▶ [YOUR GOAL] The line with "Sanitaires : 2" marks the first line to copy, and the line with "11月4日,在尼泊爾西部扎澤爾果德,尼泊爾總理普拉昌達(中)抵達災區。" marks the last. Transcribe that stretch of the data below exactly, without pictures.

▶ [INFORMATION SUPPLIED]
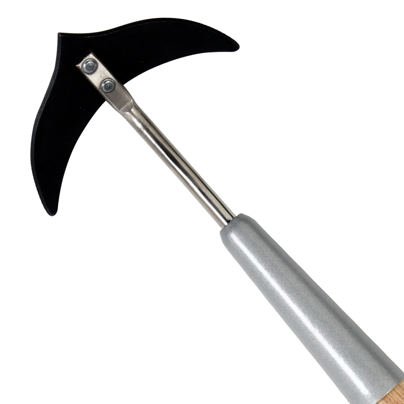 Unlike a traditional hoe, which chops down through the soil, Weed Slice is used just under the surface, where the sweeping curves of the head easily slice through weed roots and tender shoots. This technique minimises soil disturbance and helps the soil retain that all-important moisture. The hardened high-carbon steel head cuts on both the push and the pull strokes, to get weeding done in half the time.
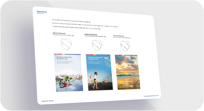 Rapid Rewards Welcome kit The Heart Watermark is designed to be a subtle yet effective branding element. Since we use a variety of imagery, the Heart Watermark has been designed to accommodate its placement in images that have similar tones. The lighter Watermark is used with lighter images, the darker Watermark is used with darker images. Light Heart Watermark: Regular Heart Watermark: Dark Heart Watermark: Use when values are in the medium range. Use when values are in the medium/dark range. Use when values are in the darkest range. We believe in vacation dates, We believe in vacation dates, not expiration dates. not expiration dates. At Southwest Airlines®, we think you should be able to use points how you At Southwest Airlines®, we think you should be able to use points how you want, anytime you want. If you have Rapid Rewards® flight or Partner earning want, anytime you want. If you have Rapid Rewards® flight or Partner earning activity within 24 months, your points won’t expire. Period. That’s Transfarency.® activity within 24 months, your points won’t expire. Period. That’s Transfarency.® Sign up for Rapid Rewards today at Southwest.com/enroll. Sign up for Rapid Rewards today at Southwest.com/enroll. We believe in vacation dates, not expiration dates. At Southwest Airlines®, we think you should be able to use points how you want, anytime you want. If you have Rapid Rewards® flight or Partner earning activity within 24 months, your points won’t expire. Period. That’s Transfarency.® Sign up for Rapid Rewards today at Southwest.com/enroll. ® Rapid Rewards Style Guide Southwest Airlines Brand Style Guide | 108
* * *
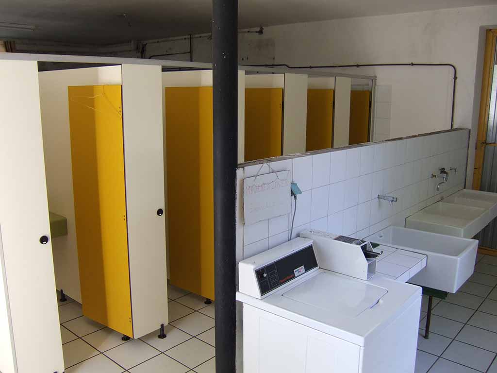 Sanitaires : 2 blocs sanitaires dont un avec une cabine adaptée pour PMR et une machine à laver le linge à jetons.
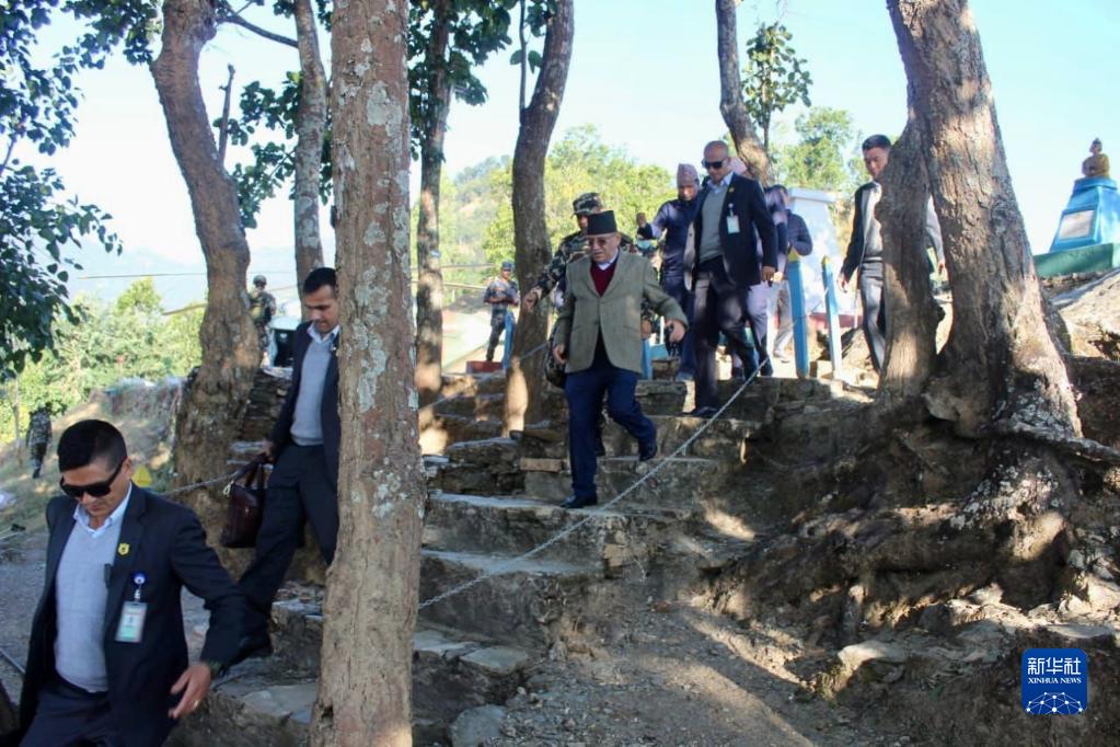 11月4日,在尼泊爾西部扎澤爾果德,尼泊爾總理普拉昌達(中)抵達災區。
...
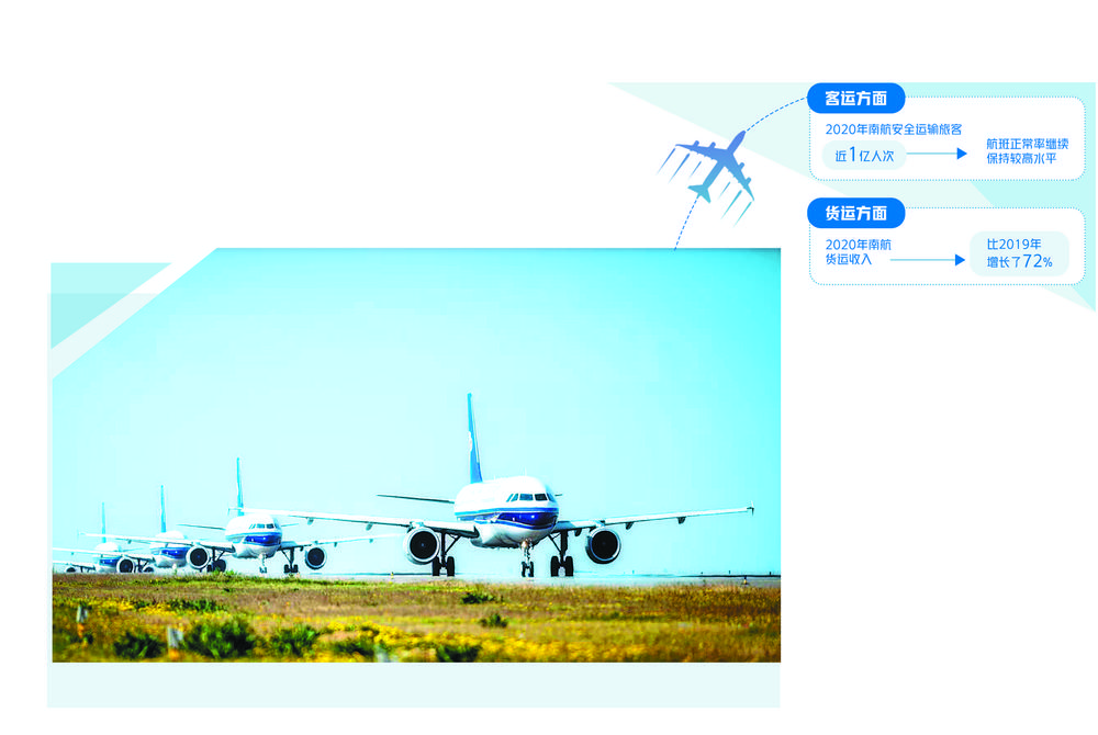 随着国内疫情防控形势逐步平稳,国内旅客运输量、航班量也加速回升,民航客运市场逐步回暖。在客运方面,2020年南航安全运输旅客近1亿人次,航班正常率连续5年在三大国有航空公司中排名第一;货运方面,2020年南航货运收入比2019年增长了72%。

▶ [SOLUTION TO THIS TASK]
 Sanitaires : 2 blocs sanitaires dont un avec une cabine adaptée pour PMR et une machine à laver le linge à jetons.
 11月4日,在尼泊爾西部扎澤爾果德,尼泊爾總理普拉昌達(中)抵達災區。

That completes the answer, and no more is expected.